Don Elio Monari
Nato a Spilamberto (Modena) il 25 ottobre 1913, trucidato a Firenze nel luglio del 1944, sacerdote, Medaglia d'Oro al Valor Militare alla memoria.
Di famiglia contadina, don Elio Monari era stato ordinato sacerdote nel 1936 ed aveva cominciato ad insegnare Lettere all'Istituto San Carlo di Modena. Dopo l'armistizio, don Elio fu tra i primi a Modena ad impegnarsi nella Resistenza, nel ruolo che meglio gli si confaceva: prestare aiuto ai militari italiani sbandati, agli ex prigionieri alleati, agli ebrei e ai patrioti che stavano per essere deportati in Germania. Ben presto il sacerdote si trovò a capo di un'organizzazione clandestina, ramificata dalla Svizzera a Roma, che riuscì a portare in salvo decine e decine di persone. Don Elio riuscì ad operare, senza destar sospetti, sino al febbraio del 1944, quando, con l'aiuto di medici ed infermieri, riuscì a far evadere dall'Ospedale civile di Modena un partigiano ferito che vi era ricoverato: il maestro Alfeo Martini, con un abito talare portato dal sacerdote, riuscì ad eclissarsi, ma l'attenzione della polizia fascista finì su don Elio, che qualche mese dopo dovette lasciare Modena e rifugiarsi in montagna. Qui don Monari divenne cappellano partigiano della Brigata "Italia", anche se non disdegnava di prestare il suo sacerdozio presso tutte le formazioni partigiane con le quali veniva in contatto. Fu proprio questa sua pietas a perderlo. Il 5 luglio del 1944, durante un rastrellamento e negli scontri che ne seguirono, un ufficiale tedesco era caduto, gravemente ferito, a poca distanza da una postazione partigiana, Don Elio uscì allo scoperto e raggiunse il soldato nemico morente per amministrargli i sacramenti.
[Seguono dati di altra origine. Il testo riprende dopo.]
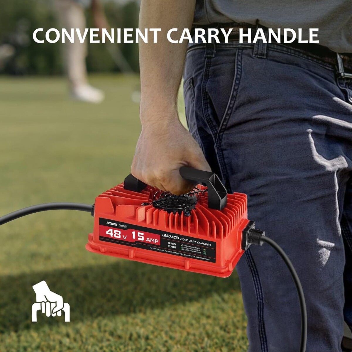 High-output Epowrey 48V 15-Amp Golf Cart Charger, compatible with EZGO TXT carts using the standard D-style 3-pin plug.
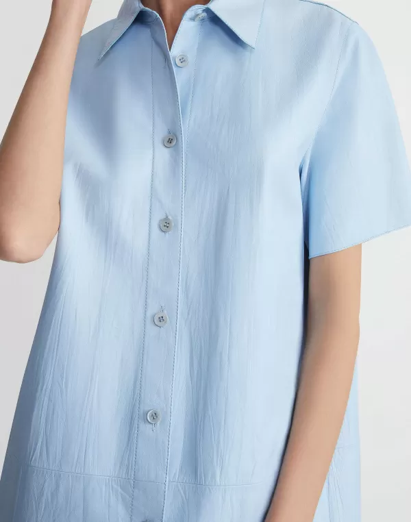 Considered Proportions And Artisanal Technique Define This Buttoned Tunic Shirt, Rendered In The Finest Italian Lambskin Hand-Worked For Subtle And Discrete Texture. Exceptionally Soft And Light, The Clean-Lined, Straight Shape Is Flawlessly Cut In An Extended Knee-Length With Above Elbow Sleeves. Pair With The Coordinating Riverside Pant, For The Ultimate In Understated Luxury.
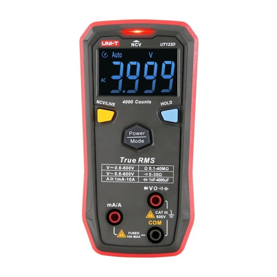 Inteligentny multimetr cyfrowy UNI-T UT123D to niezawodne narzędzie do codziennych pomiarów w domu, podczas prac DIY, czy w trudnych warunkach oświetleniowych. Urządzenie automatycznie rozpoznaje napięcie AC/DC, rezystancję, diody i ciągłość obwodu, a za pomocą jednego przycisku umożliwia ręczny wybór trybu, w tym pomiaru pojemności. Kompaktowa konstrukcja i czytelny wyświetlacz EBTN zapewniają wygodę obsługi w każdych warunkach, a certyfikaty CE oraz UKCA gwarantują bezpieczeństwo i wysoką jakość pracy. To gadżet, który sprosta każdym zadaniom!

Il prete stava ancora confortando il moribondo quando i nazifascisti lo catturarono. Tradotto da Pievelago a Firenze nella famigerata "Villa Triste", don Monari vi fu torturato per dieci giorni. Poi viene eliminato con altri partigiani, dei cui corpi non è stata trovata traccia per molto tempo. L'ultimo indizio su don Elio: una tonaca, notata da una donna che il 16 luglio era andata in via Bolognese, dove stanziavano i fascisti della Banda Carità; l'abito talare era stato gettato tra le immondizie. Il corpo di don Elio e degli altri con cui aveva condiviso la sorte viene ritrovato 12 anni dopo nel parco delle Cascine.